Friday, May 15, 2009

SINGLE SYNCHRONICITIES

SINGLE SYNCHRONICITIES

This is the simplest, most direct way in which synchronicity happens. The single synchronicity has a beginning, a middle, and an end. It stands out in clear relief from the rest of our everyday lives.

For example, you are walking down the street, and you cross paths with a friend you haven’t seen for many years. You do a double-take, stop, talk, say good-bye, and walk on.

What would make this encounter a synchronicity? Let’s look again at the definition of synchronicity: the coinciding of inner and outer events in a way that can’t be explained by cause and effect and is meaningful to the observer. Assume that there’s no causal connection: you did nothing to arrange the meeting with your friend and had no idea he was even in town. Perhaps you were thinking of him just the day before, for the first time in years: Your thoughts would be the inner event, the meeting the outer event, and the meaning might be in the wonder you feel at how things are connected. Or perhaps he fills a need for you: you’ve been thinking of buying a computer, and it turns out he’s just brought one himself and has some good tips for you. Your thoughts about your pending purchase are the inner event, the meeting and his advice comprise the outer event, and the meaning might be that now is the time to take the plunge into cyberspace. Or perhaps you’ve been trying to experience flow at deeper levels: your aspirations are the inner event, the meeting the outer event, and the meaning to you is that you’re on the right track.

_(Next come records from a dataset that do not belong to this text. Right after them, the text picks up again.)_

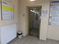 - Výtah samoobslužný s vyhovujícími parametry se nachází naproti hlavního vstupu (automaticky otevíratelné dveře šířka 80 cm, klec šířka 110 cm, hloubka 210 cm), je vybaven madlem (výška 99 cm), zrcadlem naproti dveřím a sklopným sedátkem. Ovladač na nástupních místech je ve výšce max. 116 cm, maximální výška ovladačů uvnitř klece je 123 cm. Výtah spojuje suterén, přízemí až 3. patro. Manipulační prostor před výtahem je dostatečný.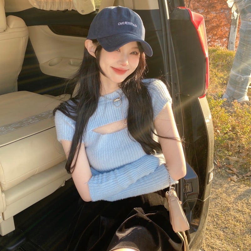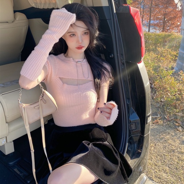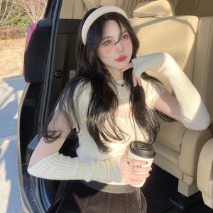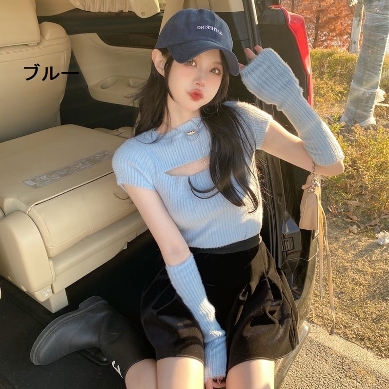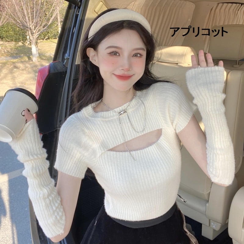 【送料無料】レディース アームカバー付き リブ ニット トップス カットアウト 半袖 胸あき 大人可愛い ママコーデ ママファッション 韓国系 オルチャン 人気 トレンド 新作 20代 30代 40代 きれいめ レトロ シンプル お出かけ デート おしゃれ 通勤 通学 オフィス OL デイリー 普段着 ラフ カジュアル フェミニン シック ゆったり 体型カバー 着痩せ 着回し インスタ映え 春 秋 CO4429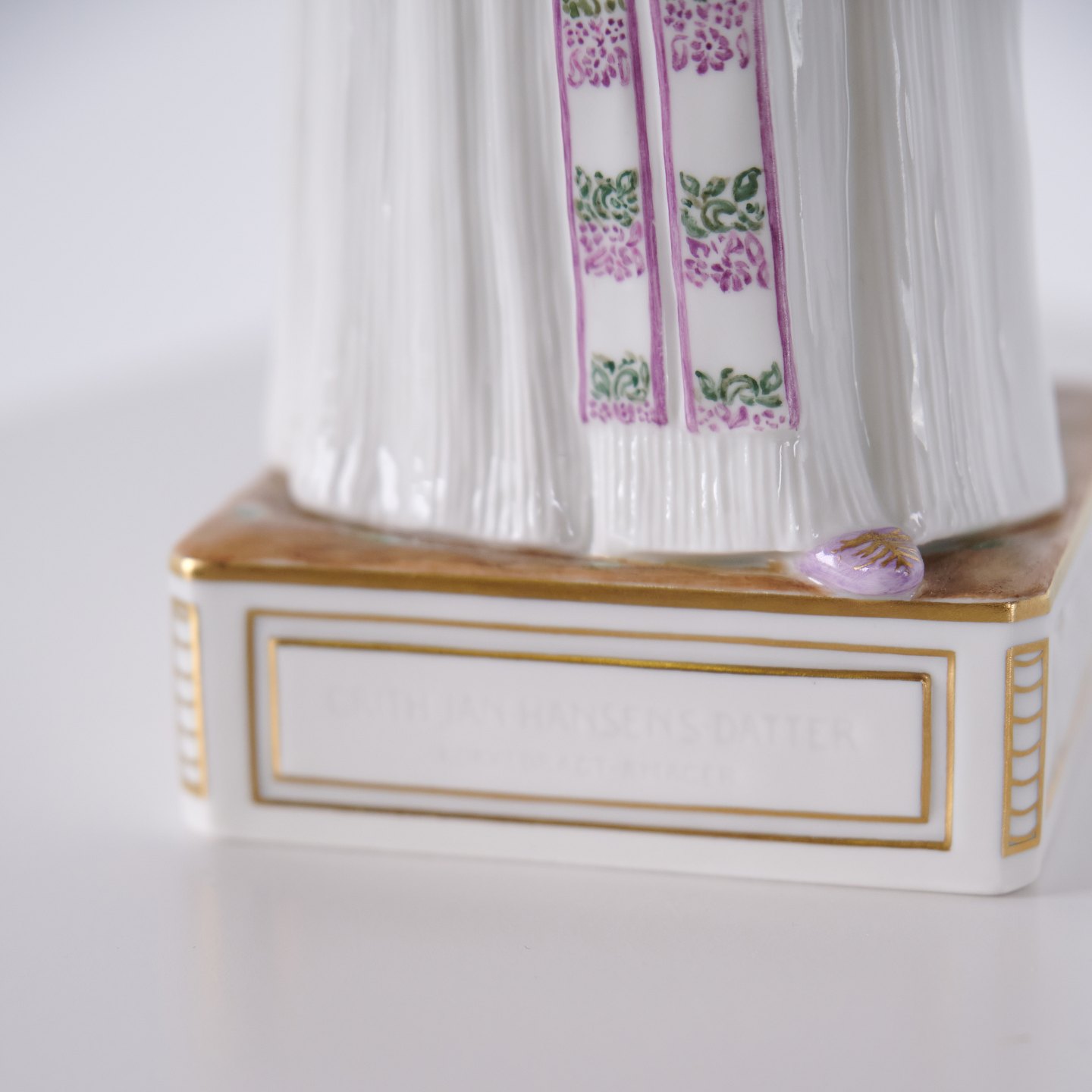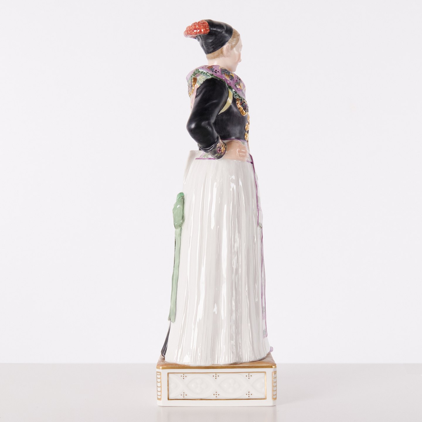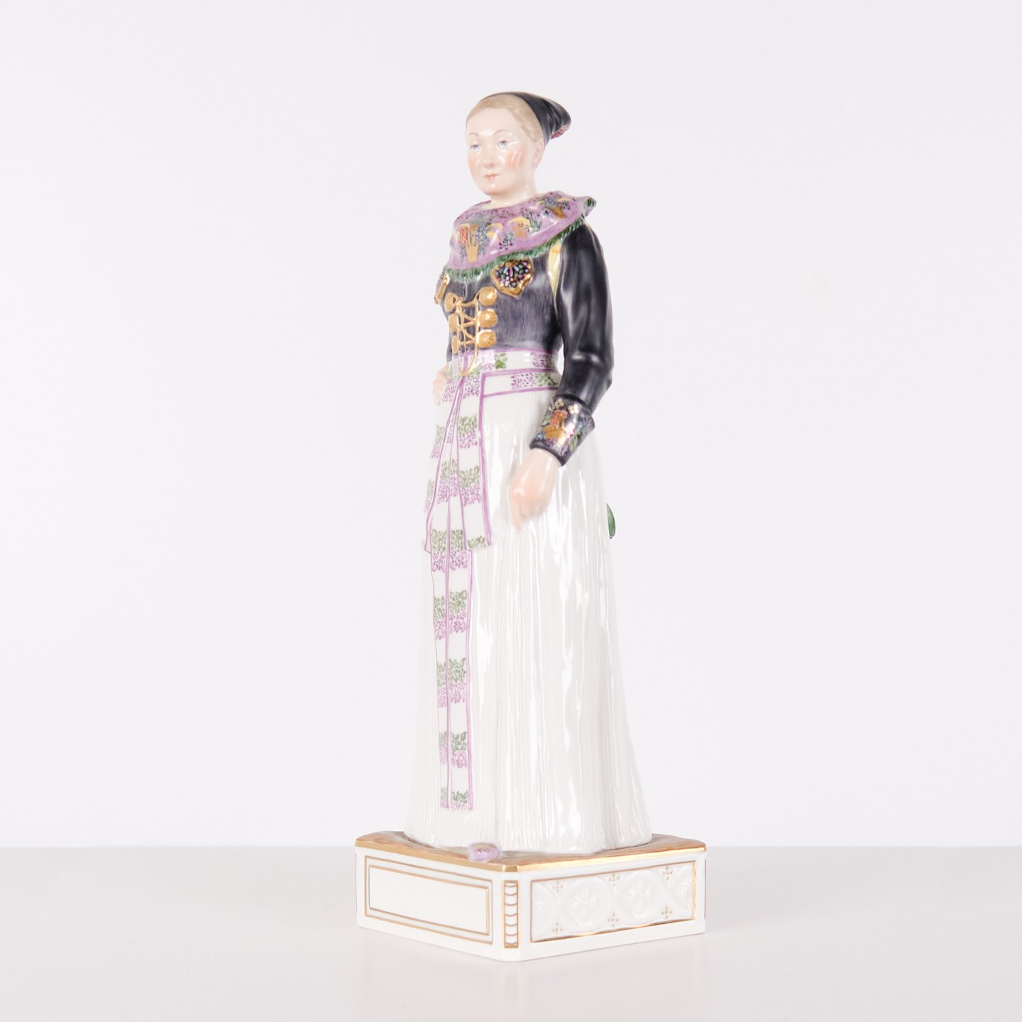 Figuren er udført i porcelæn med overglasurdekoration og fremstår som 1. sortering i hel og fin stand.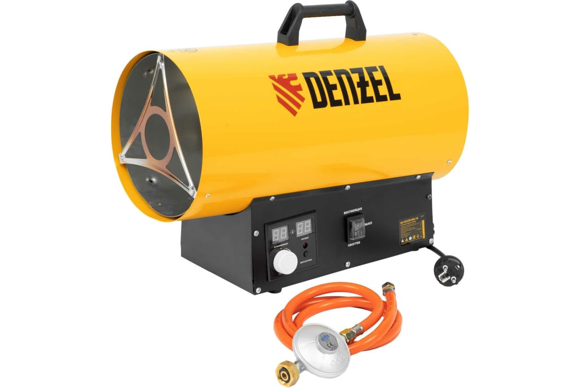 Газовая тепловая пушка Denzel GHG-50, 50 кВт, 1400 м3/ч, пропан-бутан 96480 имеет высокую тепловую мощность и применяется для работы в мастерских, гаражах, строящихся объектах, теплицах, фермах и на складах.Тепловая пушка отличается высокой производительностью 1400 м3/ч при экономичном расходе топлива 3,3 кг/ч и компактных габаритах.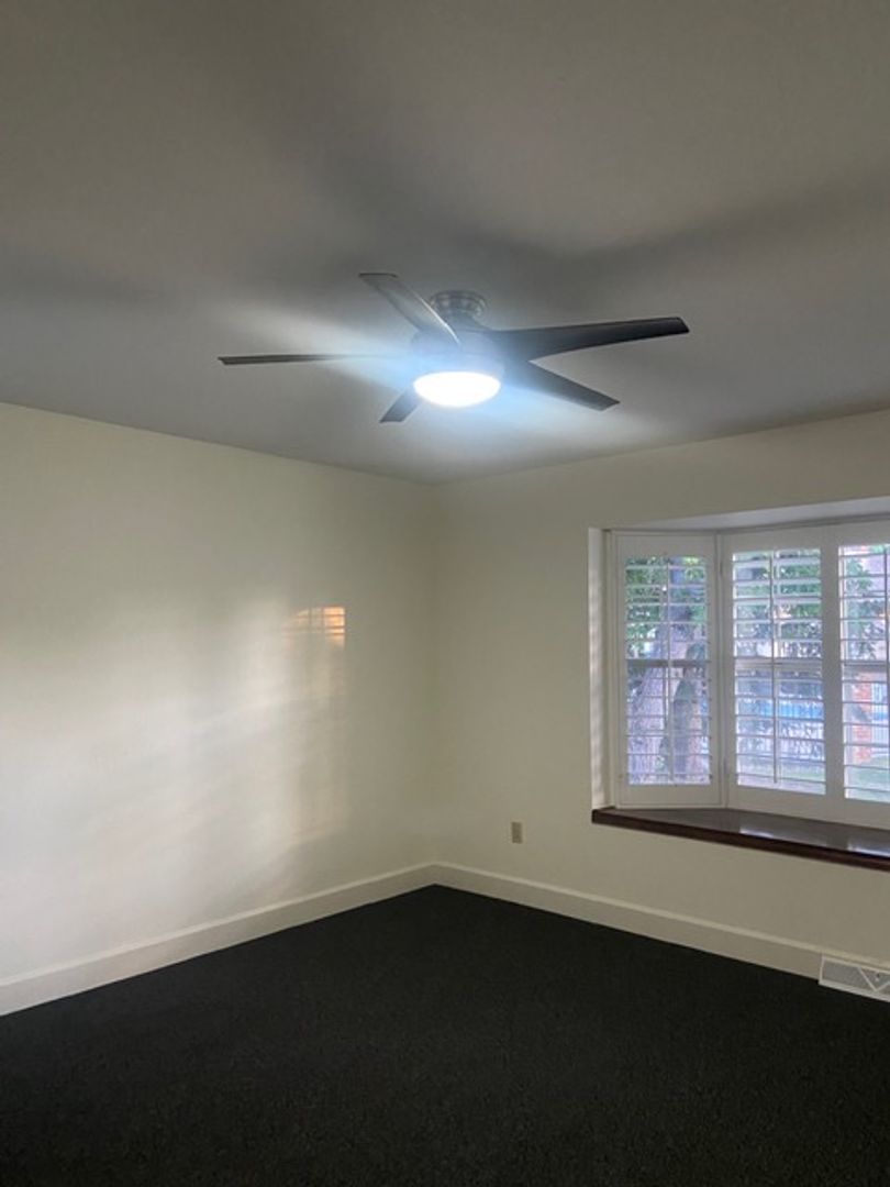 The spacious kitchen offers ample cabinet space, a pantry for extra storage, and comes fully equipped with a refrigerator, stove, microwave, dishwasher, and garbage disposal.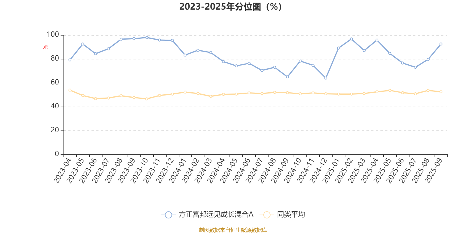 通过所选区间该基金净值增长率分位图,可以观察该基金与同类基金业绩比较情况。图为坐标原点到区间内某时点的净值增长率在同类基金中的分位数。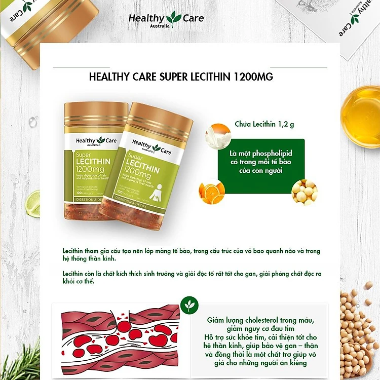Mầm đậu nành Úc Healthy Care Super Lecithin 1200mg tăng cường chức năng gan khỏe mạnh, nâng cao sức khỏe, sắc đẹp từ bên trong - OZ Slim Store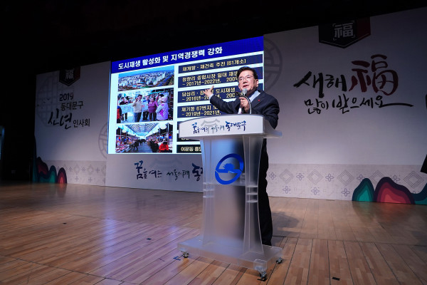 동대문구가 최근 구청 2층 강당에서 시·구의원, 구민 등 약 2000여명이 참석한 가운데 ‘2019 신년인사회’를 개최했다. 이날 유 구청장은 앞으로의 구정 운영 방향을 소개했다. 사진은 유 구청장이 프레젠테이션 하는 모습. (사진제공=동대문구청)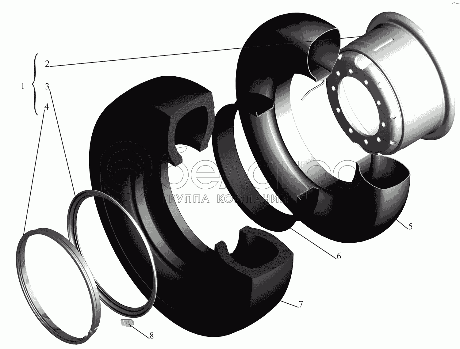 Каталог запасных частей к технике: МАЗ-551669. Колесо, камера и покрышка 551607-3101011-10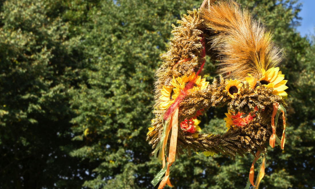 The harvest crown (Erntekrone) is a tradition that has carried through from pagan times. Traditionally, it was made from the last sheaf of wheat brought in at the end of harvest and given to the landowner. The handover ceremony included a church blessing and singing, dancing and food. Over time, the sheaf transformed into a wreath, and nowadays it looks more like a typical crown.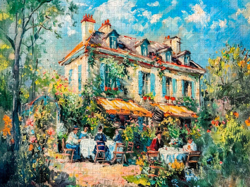 Vollständige Details anzeigenImpressionistische Villa mit Menschen im Garten an Tischen - CALVENDO Foto-Puzzle'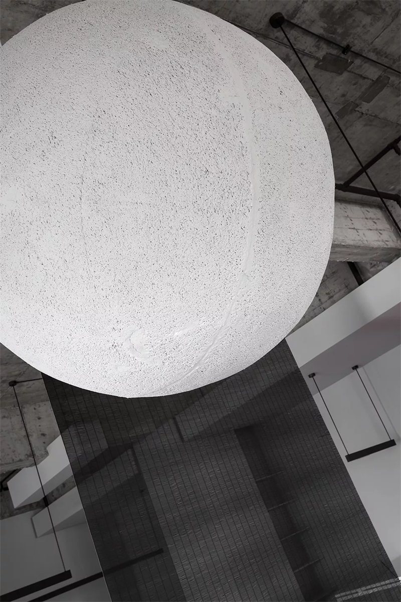 空間以方盒子作為主要框架,交談區(qū)的半圓與單一體塊共存,開放的形態(tài)空間延伸到頂上的圓球,

What, then, would make it not a synchronicity? According to our definition, meaningfulness makes the difference. Your meeting with your friend would be "just a coincidence" if it had no meaning whatsoever for you: you saw nothing special in bumping into him and made nothing of it. The unlikely encounter wouldn’t lead you anywhere—not to inward searching, not to a nearby computer store, not to the power of flow.

Single synchronicities happen often in things like telephone calls, chance encounters, and lucky numbers. Bruce Kohler remembers how twenty years ago he had a sudden urge to call his father in Florida whom he hadn’t spoken to in several weeks. When he picked up the phone, before he touched the dial, he was flabbergasted to hear his father’s voice on the other end—trying to reach him.

Information you need might come your way through some surprising route at the moment you need it. Dame Rebecca West told philosopher Arthur Koestler how she had been researching a specific episode of the Nuremberg war crimes trials: "I looked up the trials in the library and was horrified to find they are published in a form almost useless to the researcher. They are abstracts, and are cataloged under arbitrary headings. After hours of search I went among the line of shelves to an assistant librarian and said, ’I can’t find it, there’s no clue, it may be in any of these volumes.’ I put my hand on one volume and took it out and carelessly looked at it, and it was not only the right volume, but I had opened it at the right page." Koestler writes that coincidences of what he calls the "library angle" are "so frequent that one almost regards them as one’s due."

Just because a single synchronicity is simple in pattern doesn’t mean it can’t have a great impact. Looking back, you might find that a turning point in your life, such as meeting your significant other, was a single synchronicity.